Его милосердие совершенно по-буддийски распространялось на все живое. Я не знавал человека, который так уважал бы животных и их права. Однажды в Париже мы бежали под внезапно хлынувшим ливнем к стоянке фиакров, чтобы поспеть на аукцион гобеленов (где Фрадике облюбовал «Девять муз, пляшущих в лавровой роще»); на стоянке оказалась только одна пролетка: впряженная в нее кляча меланхолично жевала овес в подвешенном к морде мешке. Фрадике настоял на том, чтобы лошадь спокойно позавтракала, и «Девять муз» были упущены.

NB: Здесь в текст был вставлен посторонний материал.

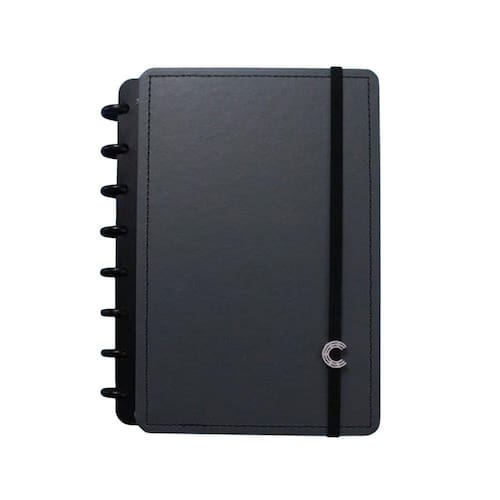 Caderno Inteligente A5 Pequeno Basic Grey - 80 Folhas Caderno Inteligente A5 Pequeno Basic Grey - 80 FolhasA5 Pequeno: Capa e contracapa rígidas, 01 bolsa plástica, 01 folha de instrução de uso e manuseio, com refis e acessórios da marca disponíveis no verso, 01 folha de identificação com calendário no verso, 04 divisórias com abas para identificação (02 pretas e 02 transparentes), 80 folhas offset 90g (60 folhas pautadas e 20 folhas lisas brancas para impressão), 01 suporte com elástico para 01 caneta ou 01 lápis e discos M + elástico. tamanho: 22cm X 15,5cm Obs.: Por se tratar de um produto artesanal, a tonalidade pode variar um pouco. :)O caderno que você tira e coloca folhas quando quiser ;)Caderno inteligente, só Caderno Inteligente.Imagem Meramente Ilustrativa, acessorios da foto nao incluso.
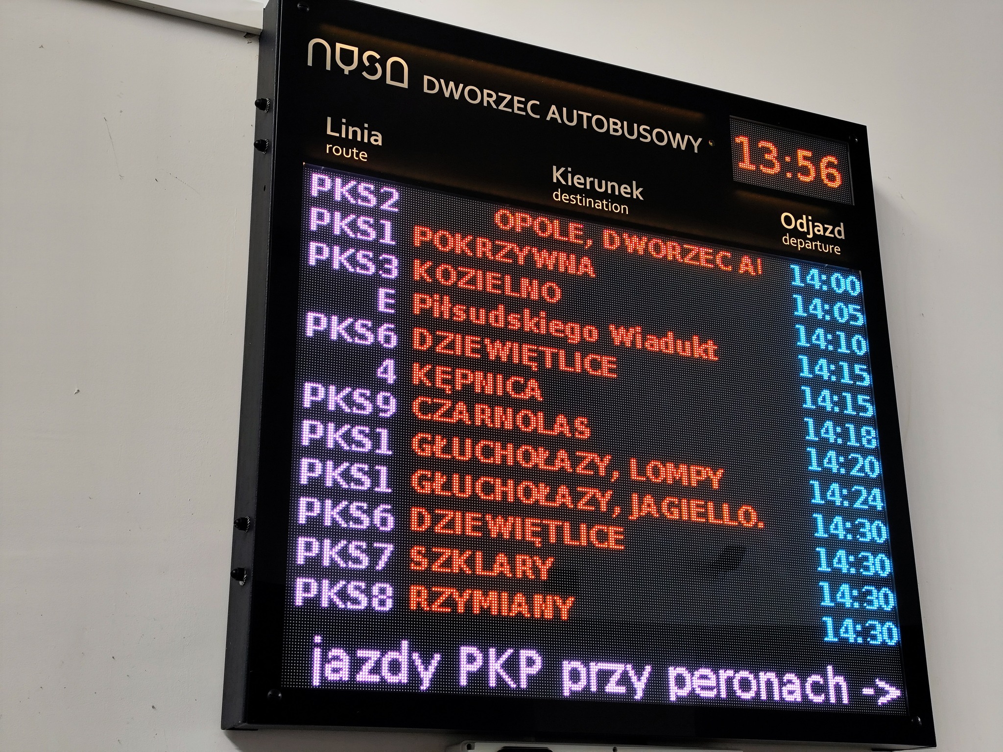 Obecnie wchodząc na teren Centrum Przesiadkowego tablica wyświetla tylko godzinę oraz informację, że rozkład jazdy pociągów znajduje się przy peronach. Na szczęście póki co działają tablice przy poszczególnych stanowiskach autobusowych.

В последние годы жизни его больше всего угнетала незащищенность целых классов нашего общества; он сознавал, что в промышленных демократиях, с их корыстными устремлениями и беспощадной борьбой каждого за личную выгоду, души становятся все черствее и равнодушнее к ближнему. «Братство, – говорил он в сохранившемся у меня письме от 1886 года, – постепенно исчезает; ему нет места в этих громадных ульях из камня и известки, где люди скучиваются для ожесточенной борьбы; мы забываем обычаи простой деревенской жизни, и мир идет к аду дикого эгоизма. Первое свидетельство этого – шумиха вокруг филантропии. Если милосердие принимает форму общественного учреждения, с регламентом, докладами, комитетами, заседаниями, председателем и колокольчиком, и из естественного чувства превращается в казенное установление, – это значит, что человек, не надеясь больше на голос своего сердца, принуждает себя к добру, а контроль над добротой передоверяет официальной организации с четкими пунктами устава. Если сердца так окаменели, а зимы так суровы, что будет с бедняками?»
Сколько раз, сидя в ноябрьские сумерки в его библиотеке, едва освещенной красноватым отблеском огня в камине, я видел, как Фрадике, печально задумавшись, долго молчал, погруженный в созерцание каких-то безрадостных горизонтов, а потом, прервав молчание, оплакивал грядущие горести людей – возвышенно и трогательно. И вновь с горечью повторял свою любимую мысль о том, что люди с каждым днем все глубже погружаются в свирепый эгоизм, вынуждаемые жестокостью борьбы и соперничества, и с каждым днем все больше уподобляются волкам, homo homini lupus est.[120]
– Пора прийти новому Христу! – пробормотал я однажды.
Фрадике пожал плечами.
– Он придет; он, может быть, освободит рабов; за это ему воздвигнут церковь и создадут литургию; а затем от него отрекутся; а еще позже его забудут; и, наконец, появятся новые толпы рабов. Ничего не поделаешь. Каждому из нас остается одно: набрать побольше денег и запастись револьвером; и когда ближний постучится к нам в дверь, мы, смотря по обстоятельствам, либо подадим ему кусок хлеба, либо пустим в него нулю.
Так, исполненные мыслей, приятных занятий и добрых дел протекали последние годы жизни Фрадике Мендеса в Париже, пока, наконец, зимой 1888 года его не скосила смерть – такая, какую он, вслед за Цезарем, всегда желал себе: inopinatarn atque repentinam.[121]
Однажды вечером, при разъезде от графини де ла Фертэ (старой приятельницы Фрадике, с которой он на яхте совершил поездку в Исландию), он обнаружил в прихожей, что кто-то обменил его русскую шубу на другую, тоже роскошную и удобную; в кармане был бумажник с монограммой и визитными карточками генерала Террана д'Ази. Фрадике, страдавший болезненной брезгливостью, не захотел надевать пальто этого ворчливого и вечно простуженного воина, и пешком прошел через площадь Согласия от дома графини до клуба на Рю-Руайяль. Была сухая и ясная ночь, дул ветер, легкий, как дыхание, почти незаметный, – но это был один из тех острых бризов, которые на протяжении многих миль оттачиваются над снежными равнинами севера и которые старик Андре Вазали сравнивал с «предательским кинжалом». На следующий день Фрадике проснулся с небольшим кашлем. Пренебрегая осторожностью, уверенный в своем здоровье, которое не подводило его в самых немилостивых климатах, он отправился с друзьями в Фонтенебло на империале mail-coach.[122] Вечером, вернувшись домой, он почувствовал сильный озноб; и тридцать часов спустя, безболезненно и тихо, так что некоторое время Смит думал: «Он спит», Фрадике, по выражению древних, «кончил жить». Ясный летний день не умирает более светло.